A daemonette allures will wreck your day with an ap2 weapon swinging at a pretty high initiative if they bought the upgrade(Which they will if an allures exists).
Aspiring Champs generally should wield power toys to punk unsuspecting other generic squad leaders(Space marines rarely carry weapons, ig will get flattened before they swing, ork nobs might get slain which is still better than them krumping three dudes, DE are issues because poison powertoy is a thing with a high initiative. Generic eldar are too diverse, you'll take the lunch money of some provided you have a powerweapon of some type(Dont take maul though, that thing universally sucks))
With chaos, I think the champ issue falls into two very diverse thoughts. One being that our cult champs can wreck the majority random squad leaders of other armies and get rolls on the chaos boon table(Read:Money in your pocket), but if you have a Chaos Lord in the unit, you're going to throw that particular aspiring champ under the bus so the Lord can cleave apart squads. Since only one challenge can be issued, you would do well to have the aspiring champ jump in the way to leave the chaos lord open to wreck squads.

Oh and cultists don't get anything. Ever. Adopted little sniveling fucks need to work for their chaos boons.


----------



## Mossy Toes (Jun 8, 2009)

LordWaffles said:


> Oh and cultists don't get anything. Ever. Adopted little sniveling fucks need to work for their chaos boons.


Champ on a quad gun for precision shots. Most likely way to get him rolls on the boon table, for all the good it would do him.


----------



## venomlust (Feb 9, 2010)

Awesome, very very good stuff.

Now, next question, what about arming a terminator squad?

When I use him as an HQ choice, I have a termi lord with chainfist/LC. 

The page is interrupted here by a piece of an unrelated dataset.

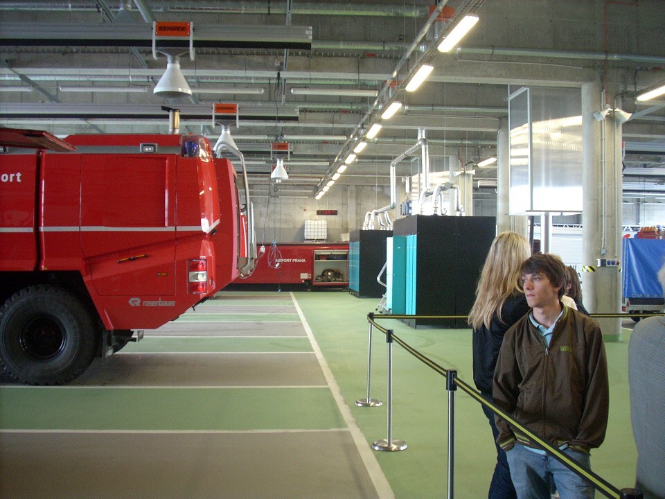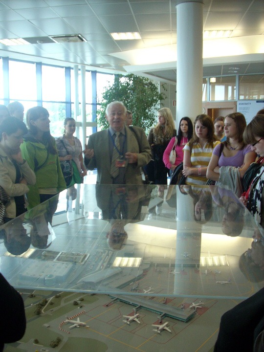 Dne 11. května jsme se třídy 3.B a 3.C vydali pod dozorem paních učitelek Drobné a Valentové na odbornou exkurzi pražského letiště Ruzyně. Prohlídku Terminálu 3 jsme začali úderem desáté hodiny ranní, pod vedením „leteckého profesora“ Kamila Břemka. Tento sympatický pán, nás provedl celou Ruzyní, rozpovídal se o svých zážitcích ze svého mládí, kde všude létal, v kolika letech poprvé usedl za kokpit letadla. Museli jsme pro kontrolu projít bezpečnostním rámem, abychom neměli u sebe předměty, které nejsou v souladu s bezpečnostními předpisy letiště, a také nás seznámil s letištní hasičskou zbrojnici. Požádali jsme hasiče, jestli by nám mohli ukázat sjezd po tyči. Od hasičů jsme odcházeli spokojení, protože nám toto přání splnili. Následující okamžiky jsme strávili příjemnou projížďkou autobusem po dráze. Pan Kamil Břemek nám přesně řekl, jaké letadlo právě přilétá, kolem kterého momentálně projíždíme. Bylo na něm vidět, že má hodně zkušeností, co se týče létání. Loučil se s námi se slovy, že jestli bude mít někdo zájem o místo pilota, může si udělat kurz na motorová letadla, který stojí 60.000 Kč a částka za kurz na dopravní letadlo s částkou 1.500.000 Kč, ovšem bez nároku na vrácení peněz při nesplnění zkoušek. Následující minuty jsme absolvovali pod vedením paní učitelky Drobné, které nás postupně provedla celým letištěm. Nemohli jsme uvěřit, že celková trasa od terminálu 1 do terminálu 2 činí tři kilometry. Proto děkujeme paní učitelce Drobné, že nám umožnila tuto exkurzi, že jsme měli možnost poznat zákoutí letiště, kam se jen tak obyčejný člověk nedostane.

Currently my termi-champ has a power fist/combi-melta. Is this a decent enough equip for him in most situations?


----------



## AAAAAAAAARRRGGHH (Apr 17, 2009)

I would advice against ever giving a terminator champ anything other than a combiweapon. After all, he suffers from the same weakness as the standard CSM champs, except the other members of his squad can have the exact same equipment as him but for much cheaper. For instance, a powerfist cost more than 3 times as much on the termie champ than it does on a normal termie. And this champ don't even have an extra attack. I would just leave him naked (remember, he has a PW standard) or give him a combiweapon if needed and nothing else. The cheaper you keep the happier you are to see him become a prince and the less sad you'll be if he turns into a spawn or you have to sacrifice him so your lord can get to murder in peace.


----------



## iamtheeviltwin (Nov 12, 2012)

AAAAAAAAARRRGGHH said:


> just leave him naked (remember, he has a PW standard)

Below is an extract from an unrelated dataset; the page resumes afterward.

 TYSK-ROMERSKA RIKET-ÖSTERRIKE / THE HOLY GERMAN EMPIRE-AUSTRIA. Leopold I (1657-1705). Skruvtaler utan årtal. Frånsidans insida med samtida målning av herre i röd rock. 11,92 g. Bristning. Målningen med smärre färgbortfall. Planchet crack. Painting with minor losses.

This is key...you get a free PW and if you want AP2 just model a Power Axe instead of the Sword. Not worth the points for other upgrades.


----------



## venomlust (Feb 9, 2010)

Cool, very good points. Thanks guys!

During my first game yesterday, my lord + termis deep striked (struck?) onto the board ready to cause some mayhem. All 5 of them died due to shitty rolls (lots of 1s), leaving the lord all by himself. So the equip on the champ didn't even matter haha!


----------



## AAAAAAAAARRRGGHH (Apr 17, 2009)

Sometimes that happens. Last game I used mine they came down turn 2, opened fire with their combiplasmas and 2 died from Gets Hot! I was like, WTF guys?


----------



## venomlust (Feb 9, 2010)

Haha that sucks. My warlord trait was rerolls on the boon table.

Roll 1, got nothing. Roll 2, +1 BS... with fisticlaws. He took out a wraithlord and a psyker of some sort, so at least he did something.


----------



## LukeValantine (Dec 2, 2008)

See that is why I avoid using terminators...that and the whole never being able to run down units.


----------



## venomlust (Feb 9, 2010)

But they're so cool! I do have a Land Raider, so I suppose I can toss a squad of 9 + HQ inside and deliver them that way, but seeing as how it was my first game, I'm just gonna experiment with many delivery systems and see how it goes. I had 10 berzerkers in the LR instead.


----------